Lilly's Tragic Childhood
Lilly confronts Roy with her own abusive background: "It's all a matter of comparison, right? In the good neighborhoods you were raised in, and stacked up against the other mothers you saw there, I stank. But I didn't grow up in that kind of environment, Roy. Where I was raised a kid was lucky if he got three months of school in his life. Lucky if he didn't die of rickets or hookworm or plain old starvation, or something worse. I can't remember a day, from the time I was old enough to remember anything, that I had enough to eat and didn't get a beating..."

Jim Thompson knew the reality of poverty firsthand, both as a boy and a man.
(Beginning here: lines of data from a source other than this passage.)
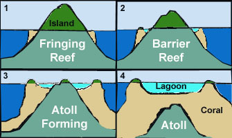 A volcanic island is formed by tectonic activity and the shores are warm where coral can grow. Charles Darwin developed the reef classification system.
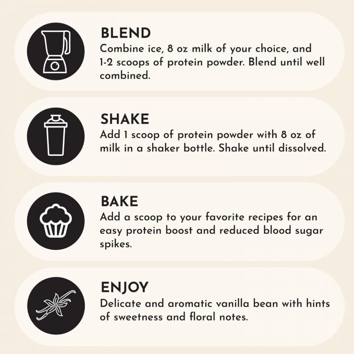 All-Natural Ingredients – Protein powder free from sugar alcohols, artificial sweeteners, & gluten. Sweetened with Stevia Leaf for a balanced sweetness & enriched with Sea Salt & Coconut Milk Protein.
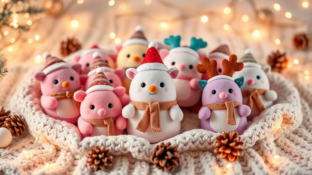 If you’re looking for the 10 best Squishmallows for a cozy holiday season in 2025, I’ve got you covered. From limited edition characters like Brooke the Polar Bear and Ignacio the Snowman to festive favorites like Cam the Christmas Cat and Richie the Axolotl, these plushies pack charm and exclusivity. There’s even countdown calendars with mini plushes and themed designs like gingerbread cookies. Keep exploring to discover how these adorable collectibles can brighten your festive moments.
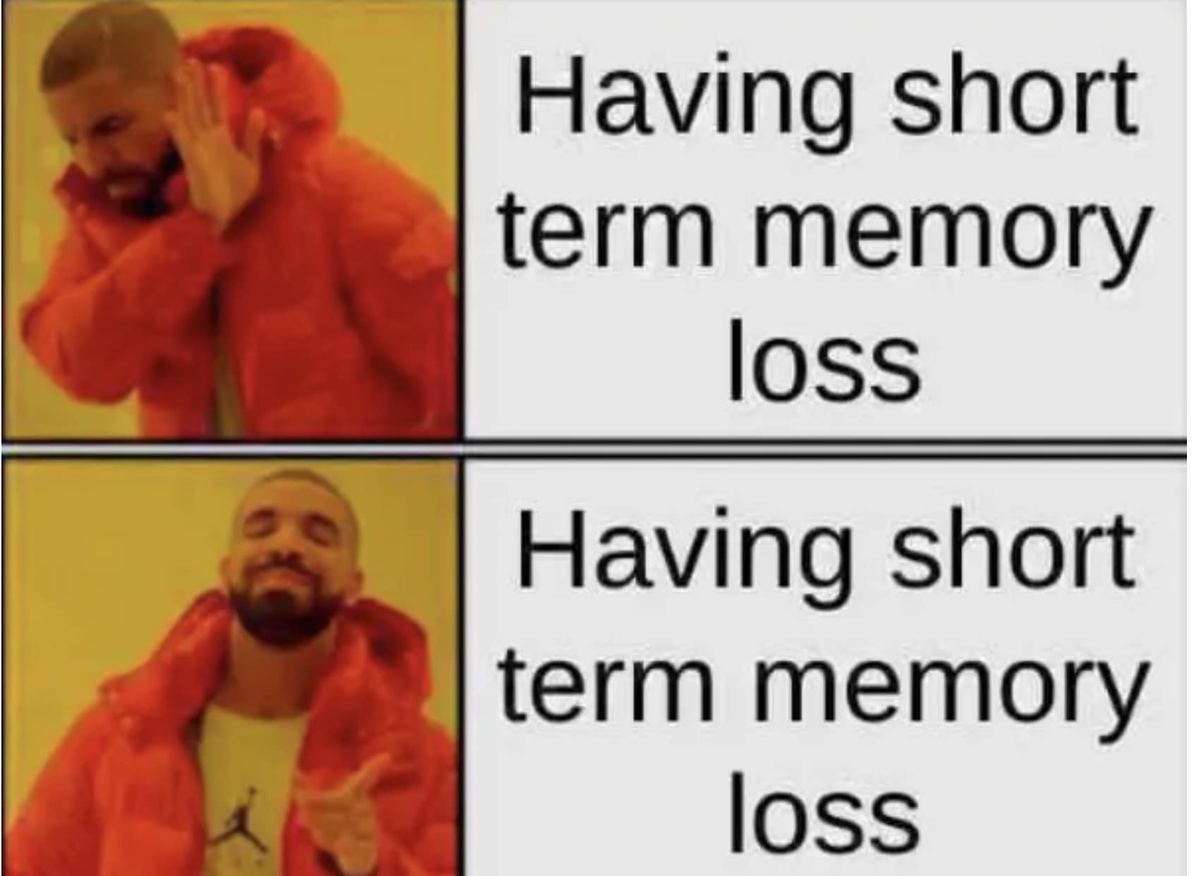 Drake Hotline Bling meme format repeating the same text about having short-term memory loss.
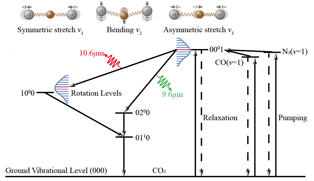 团队使用双波段和多谱线技术,基于六温度模型和随机旋转弛豫模型,优化了短脉冲CO2激光在轴快流CO2激光放大器中的放大效率,成功证明了与单线10P(20)放大相比,10.6μm与9.6μm双波段双线15ns脉冲的提取效率提高了约70%,强于10.6μm单波段四线放大。此外,该研究不仅可以为短脉冲CO2激光在轴快流CO2激光放大器中的高效放大提供理论支撑,还可以优化放大器参数,以获得更高的放大输出能量。
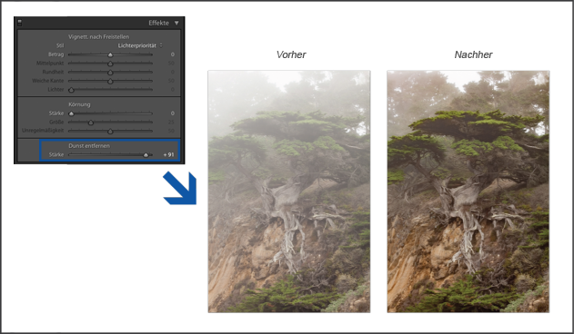 - Wechsle zum Effektebedienfeld des Entwicklungsmoduls. Passe den Schieberegler Dunst entfernen an. Wenn du den Regler nach rechts bewegst, reduziert Lightroom die Stärke des Dunstes oder Nebels auf dem Foto.
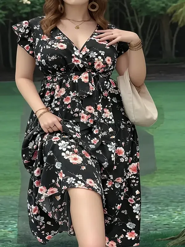 4XL 119-125 104-110 129-135 Элегантное платье миди с цветочным принтом для полных женщин – глубокий V-образный вырез, рукава с рюшами и поясом – машинная стирка, полиэстер, черно-красные розовые цветы
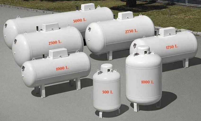 Сами по себе резервуары (газгольдеры) применяются для различных видов сжиженного газа, но именно для частного домовладельческого сектора используют СУГ — пропано-бутановую смесь. Метан относится к простейшим углеводородам, а бутан и пропан к алканам, то есть тяжёлым (или насыщенным) углеводородам. Несмотря на более высокую стоимость, именно эти виды газа легко сжижаются при обычных температурах и небольшом давлении. Поэтому более лёгкий метан закачивать в баллоны просто невыгодно с экономической точки зрения, поскольку для его сжижения нужно более высокое давление и критические температуры.
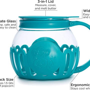 Micro-pop popcorn breveté pour micro-ondes, verre borosilicate, couvercle 3 en 1,
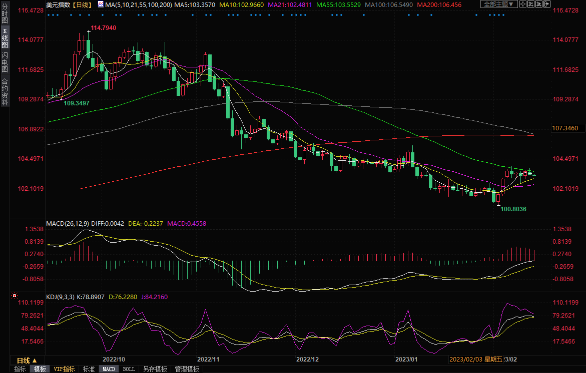 周一美元指数冲高回落,早些时候因为市场预期美国1月份通胀增速回升,美元一度逼近逾一个月高位,最高触及103.84,但随后这种预期有所降温,美元指数由涨转跌,周一收报103.27,跌幅约0.29%。
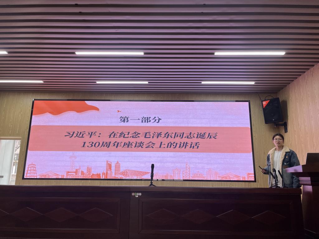 活动分为三个板块,主持人谭晨曦同志带领大家学习了习近平总书记纪念毛泽东同志诞辰130周年的讲话、关于巩固拓展主题教育成果的讲话,及2024年新年贺词。
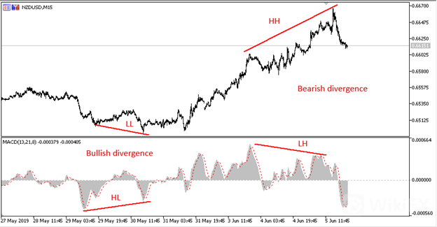 A bearish divergence forms a higher high on the price and a lower high on the MACD. Bearish divergence gives a sell signal. A bullish divergence occurs when the price makes a lower low while the MACD makes a higher low. This indicates a buy signal.
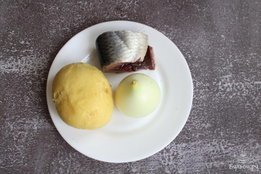 1. Сельдь почистить, промыть и разобрать на филе. Лук почистить, промыть. Картофель сварить в мундире и почистить.
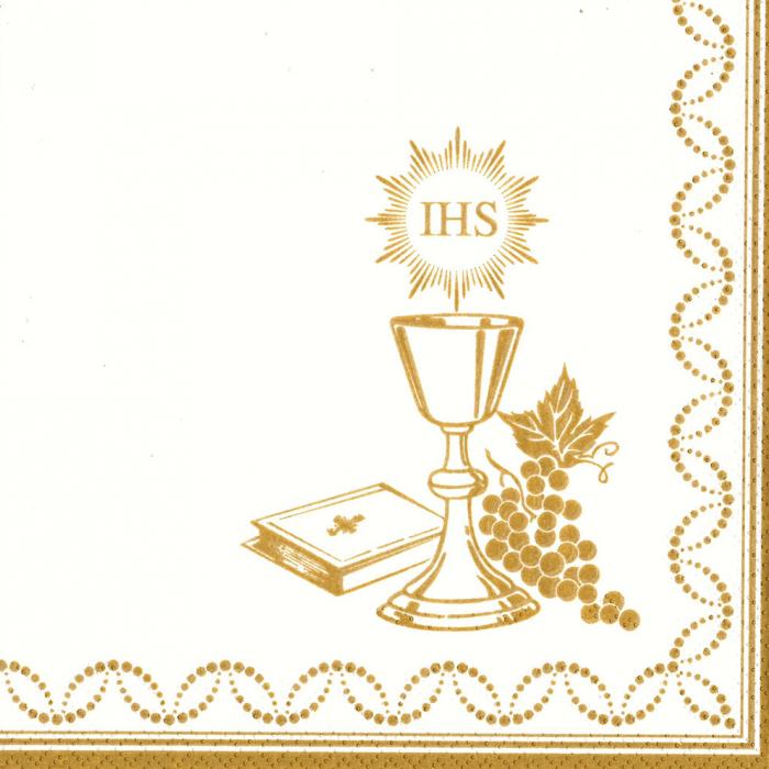 Papírový ubrousek Communion with Prayer Book kat.č:SLKO 000501EAN:0Skladem:NEmin.odběr:1 bal po 20 ksVelikost:Lunch Výrobce:Pol-Mak Papírové ubrousky Pol-Mak: Communion with Prayer Book, 20 ubrousků, třívrstvé, 33x33cm.
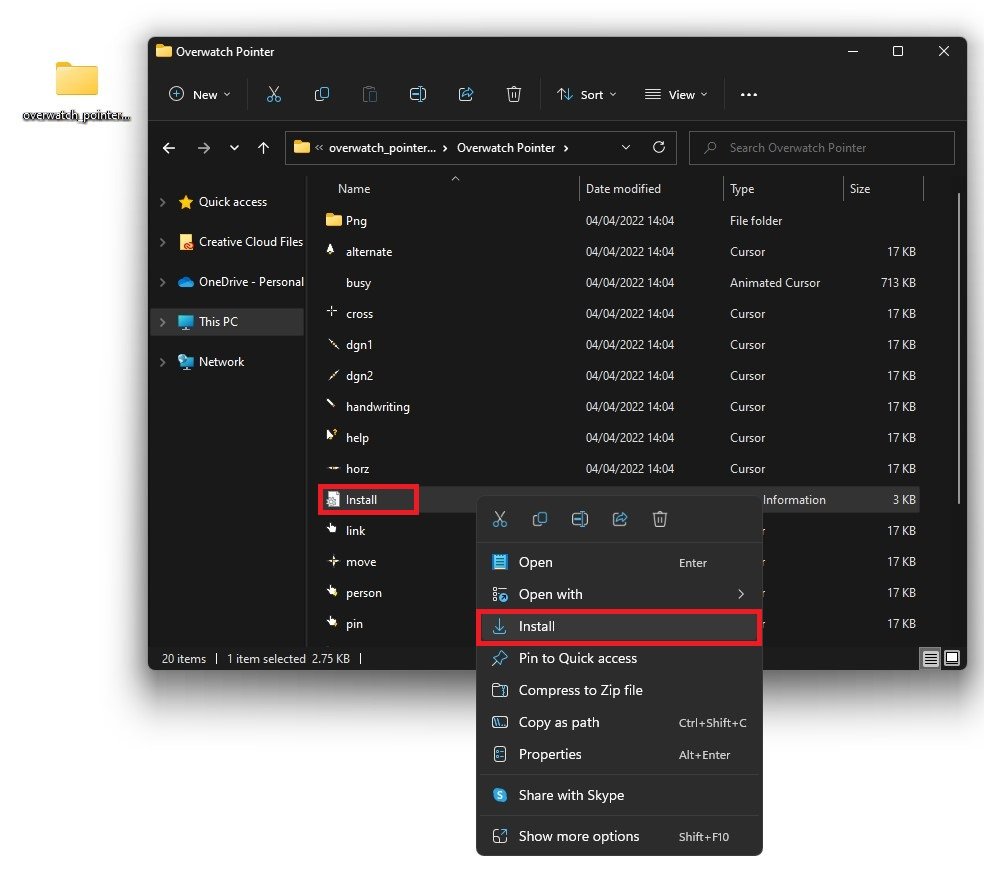 Öppna mappen och du bör se denna Install.inf-fil. Högerklicka på filen och väljInstallera.

He rejected the contemporary American optimism of the affluent society brought on by capitalism and "free enterprise." He could see the oppressive side of capitalism, the ways poverty spawns dysfunction, turns family members against one another, propagates emotional and physical abuse.

Harrowing Revelation
Roy has a round of luscious sex with Carol, the nurse Lilly hired to tend to him while recovering. But then Roy asks Carol about the last time she had sex.

Carol reports: "It was there." She extended the tattooed arm. "There also I was made sterile." As if reading from a fairy tale, as if describing the trauma of someone else entirely, Carol goes on to relate her experience as a child of seven or eight in a Nazi concentration camp.

Reading this section of Grifters is both heart-wrenching and revealing. Jim Thompson switches narrative registers to convey the depth of Carol's tragedy. Yet Roy, forever the slick, smooth-talking grifter, proves incapable of relating or responding to Carol on a deeper, more dramatic level.

It can not be emphasized enough: the film The Grifters is super but don't miss out on reading Jim Thompson's absolutely first-rate novel.